Ah yes, "newbie-friendly" with last questions of either top-tier maths or DP/graph. Very friendly.

9/4=2.25

First sort the values of $$$a_i$$$, I'll assume they are sorted from now on.

If mean < median, we clearly need to perform at least $$$sum - median$$$ increases, and we can always perform this by increasing the largest value.

Otherwise, we increase all values from $$$a_i$$$ for all $$$\frac{n}{2} \leq i \leq n$$$ to the mean. Now the mean will also increase and we may have to perform this again, so what is the complexity of this? For median we are increasing only $$$\frac{n}{2}$$$ elements while mean considers all $$$n$$$, so for an increase of $$$x$$$ in the median, the mean increases by at most $$$\frac{x}{2}$$$, meaning the mean and the median will converge in at most $$$O(log(mean))$$$ iterations.

Just binary search for the minimum possible median, by keeping in mind that no element should be reduced.

Why is the maximum for ChefWM the number of prime factors of M?

u said fairly obvious for problem MSUB121! this technique of dividing into heavy/light nodes doesn't seem intuitive.
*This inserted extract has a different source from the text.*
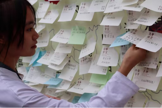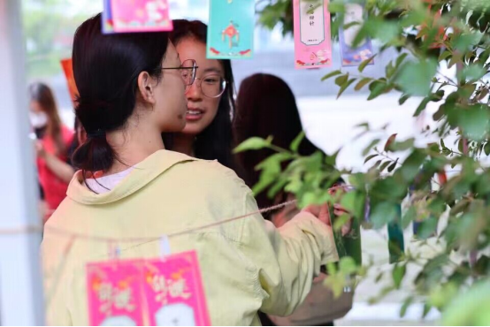 活动前期,工作人员在学校时代广场进行摆点宣传。五彩斑斓的灯谜卡片,精致小巧的灯笼,活动现场的精美装饰吸引了无数师生的目光。在这次活动中,设有猜灯谜、写便签“祝福祖国”以及拍照打卡集赞活动。

Is this some standard technique??

Short answer: It is a dp where we perform operations for "heavy" nodes (more than $$$\sqrt{q}$$$ pairs) and "light" nodes (at most $$$\sqrt{q}$$$ pairs) in different ways.

Long answer:

Consider the naive $$$O(n ^ 2)$$$ idea, its a dp where $$$dp_{y} = max(max(dp_{x}), 1)$$$, over all $$$x \leq y$$$ for which there exists a pair $$$(a_x, a_y)$$$.

The problem here is that the sum of the number of such "edges" for all possible $$$i$$$ can be very high, as much as $$$O(n ^ 2)$$$.

Let us call values $$$a_x$$$ with more than $$$\sqrt{q}$$$ pairs $$$(a_x, a_y)$$$ "heavy" and those with less than $$$\sqrt{q}$$$ pairs "light".

When we have to update the values from $$$x$$$ to $$$y$$$ as above, we can have four cases:

• light -> light
• light -> heavy
• heavy -> light
• heavy -> heavy

For a light node $$$a_x$$$, "pushing" the answer to every possible $$$a_y$$$ such that $$$(a_x, a_y)$$$ is a pair takes at most $$$O(\sqrt{q})$$$ time since there are by the definition of a light node at most $$$\sqrt{q}$$$ pairs we can push values to so we can decide to push values in the first two cases.

However this isn't the case for heavy nodes which may have a degree as much as $$$q$$$. However we can notice that since each heavy node has at least $$$\sqrt{q}$$$ edges, there can be at most $$$\frac{q}{\sqrt{q}} = \sqrt{q}$$$ heavy nodes. So for each $$$a_y$$$ we can "pull" the answer from every heavy $$$a_x$$$ where $$$(a_x, a_y)$$$ is a pair in at most $$$O(\sqrt{q})$$$ which handles the remaining two cases.

So our total solution runs in $$$O(n \sqrt{q})$$$ which is fast enough.

If any two blue nodes are adjacent then the answer is clearly no, otherwise:

Lets compress all connected components of the same colour together, then if there is a path with only one colour $$$G$$$ or $$$R$$$ in them, then we will have $$$B - G - B$$$ or $$$B - R - B$$$.

So after compressing it we can just check if there exists a single node that has two or more blue nodes adjacent to it, if so the answer is no. Otherwise the answer is clearly yes.

Instead of compressing we can probably just do a subtree dp of some sort as well.

Cut all R-G edges and if there is a path from B to the other B, the answer is NO. You can use dsu or something to check this.

(off topic)

The generator problem will be also interesting! Here's how I generated cases whose answer are Yes.
Firstly, I colored vertices Red and Green so that the vertices of same color aren't adjacent.
Then I picked non-Blue vertex at random and check if the coloring remains valid after it is changed to Blue.
You can validiate coloring in $$$O(N)$$$ each time and $$$O(N^2)$$$ total, but can you do it in $$$O(N)$$$ total?

Cases with No is easy. After creating cases with Yes, just change non-Blue vertices Blue until the coloring become invalid.